## WORK TO BE COMPLETED
Could you copy word for word only the lines between the one containing "I Thomas Chaffee" and the end of the listing below, both included, and leave out the pictures?

## INFORMATION SUPPLIED

┄┄┄┄┄┄┄┄┄┄

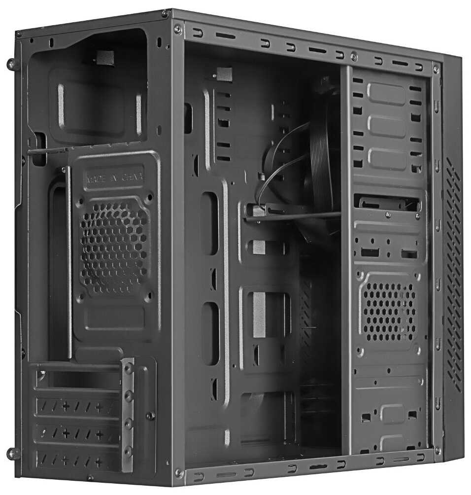 Такая компактность обуславливается необходимостью установки материнской платы форм-фактором microATX (mATX). Максимально возможная высота охлаждения процессора 160 мм.Блок питания располагается в верхней части корпуса, что является несомненно минусом, так как весь горячий воздух отводимый с процессора будет сразу же поступать в блок питания.
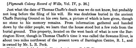 I Thomas Chaffee of Swansie in the Colony of New Plymouth in New England being of great age yet in my perfect memory and good understanding make this my Last Will and Testament, first I Comitt my soul to god in Jesus Christ my Redeemer and my body unto ye grave.
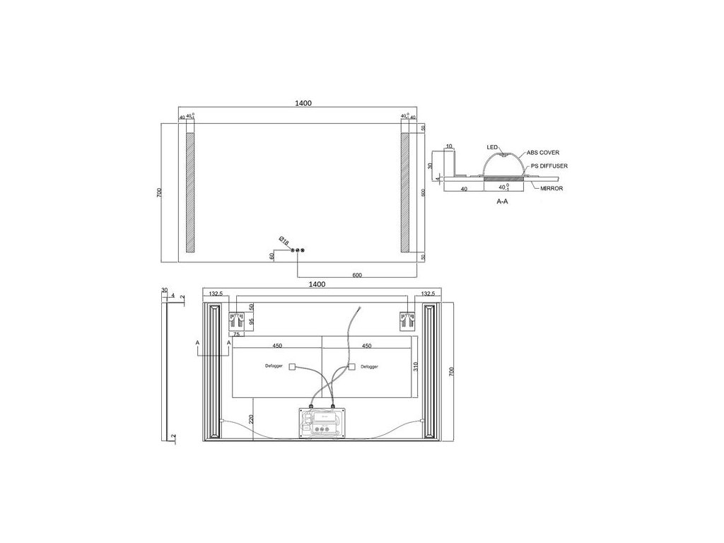 EBS Mars Zrcadlo 140 x 70 cm s LED osvětlením a dotykovými tlačítky
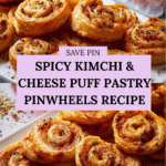 Keywords: kimchi pinwheels, cheese pinwheels, puff pastry snacks, Korean fusion appetizer, spring onion snacks

┄┄┄┄┄┄┄┄┄┄

## COMPLETED EXERCISE
 I Thomas Chaffee of Swansie in the Colony of New Plymouth in New England being of great age yet in my perfect memory and good understanding make this my Last Will and Testament, first I Comitt my soul to god in Jesus Christ my Redeemer and my body unto ye grave.
 EBS Mars Zrcadlo 140 x 70 cm s LED osvětlením a dotykovými tlačítky
 Keywords: kimchi pinwheels, cheese pinwheels, puff pastry snacks, Korean fusion appetizer, spring onion snacks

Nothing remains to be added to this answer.